Prof. Adam Pearson Studies Climate Change Behavior with Global Team

Prof. Adam Pearson

How effective are different messaging styles aimed at boosting climate awareness and action? Is a “doom and gloom” approach best? What about emphasizing scientific consensus on climate change? Or considering the consequences of climate change in one’s region?

Associate Professor of Psychological Science Adam Pearson was recently part of a global team of 250 behavioral scientists who tested a set of strategies on over 59,000 participants in 63 countries—the largest experiment ever conducted on climate change behavior.

The main findings of the experiment were published in Science Advances earlier this month.

“Scientists, journalists, and advocacy groups often emphasize different facets of the problem–the dangers of climate change, its outsized affects on young people, the overwhelming scientific consensus that its human caused. But what works on a global scale? What motivates people around the world to address a global problem like climate change? We don’t actually have an answer to that question,” Pearson says.

“To understand what mobilizes people to address a problem like climate change,” he says, “we really need to move beyond the United States and beyond Western, educated, industrialized, rich and democratic societies.”

The team tested the effects of 11 messages designed to boost people’s climate beliefs and behavior, and the results included many surprises, says Pearson.

Past research has looked at only one or two interventions in isolation, and typically within just one nation–often the United States. This study tested the most promising interventions all at once, and in over 60 different countries, allowing researchers to see what works and for whom.

Some surprising results

The most effective strategy globally was imagining writing a letter to a child one knows today who would receive the letter 25 years later, explaining one’s climate actions today. Similarly effective was imagining oneself in the future writing a letter to one’s current self, asking questions about what actions one took or what one was thinking at the time.

“These messages shrink the timescale of climate change. They remind us that our actions today matter and will impact people we know, in our families and communities,” Pearson said.

“Doom and gloom” messaging, however, decreased people’s pro-environmental behavior. These stories were highly effective in getting people to share information about climate change on social media but backfired for climate skeptics, reducing their support for a range of climate policies.

Perhaps one of the biggest takeaways from the study, not unexpectedly, is that different people respond differently to various climate messages, with responses varying across countries.

To share their findings, the research team created an open-access Webapp, which allows users to see the effects of the strategies along dimensions such as nationality, income level, political ideology, education and gender.

The hope is that tools like these can help practitioners tailor climate messages for different audiences. Pearson also hopes the study will spark additional research and serve as a baseline and starting point for other scholars.

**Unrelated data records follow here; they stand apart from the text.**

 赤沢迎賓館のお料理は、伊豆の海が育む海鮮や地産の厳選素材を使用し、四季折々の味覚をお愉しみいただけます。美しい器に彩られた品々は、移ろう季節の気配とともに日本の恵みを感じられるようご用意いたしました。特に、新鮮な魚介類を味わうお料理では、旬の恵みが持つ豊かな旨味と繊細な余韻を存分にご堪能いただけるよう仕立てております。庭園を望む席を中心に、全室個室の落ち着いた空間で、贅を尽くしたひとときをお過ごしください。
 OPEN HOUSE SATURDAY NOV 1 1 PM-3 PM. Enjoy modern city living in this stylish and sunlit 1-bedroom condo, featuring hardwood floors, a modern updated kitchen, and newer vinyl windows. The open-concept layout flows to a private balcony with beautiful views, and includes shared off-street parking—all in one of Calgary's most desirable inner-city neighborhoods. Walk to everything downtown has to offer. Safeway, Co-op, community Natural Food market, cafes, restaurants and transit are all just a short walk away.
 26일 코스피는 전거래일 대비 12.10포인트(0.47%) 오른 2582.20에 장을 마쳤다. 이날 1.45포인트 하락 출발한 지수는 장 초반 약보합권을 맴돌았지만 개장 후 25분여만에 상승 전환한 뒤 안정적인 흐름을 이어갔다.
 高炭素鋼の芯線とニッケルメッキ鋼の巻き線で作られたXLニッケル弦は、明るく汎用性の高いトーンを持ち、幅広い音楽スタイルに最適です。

Climate change a problem of two climates

Pearson’s scholarly background is in the study of group dynamics as well as the psychology of inequality. About 10 years ago, he became interested in the social psychological research around climate change. “There’s a growing understanding that human behavior is at the root of this problem,” he says.

“We’ve been increasingly thinking about climate changes not as a problem of one climate but two climates: our physical climate and the social climate of any given area,” Pearson says. “We need to understand how those climates intersect. That’s where behavioral science comes into the equation.”

Pearson was involved in shaping the study in the planning stages as well as drafting the report manuscript. He was especially drawn to the project as a “mega study”—a new class of research projects comparing the effects of many different interventions all at once—as well as a “many labs study” that brought together different research labs in a team approach.

“It’s a big collective action problem,” Pearson says, adding, “and that requires coordination, including among researchers.”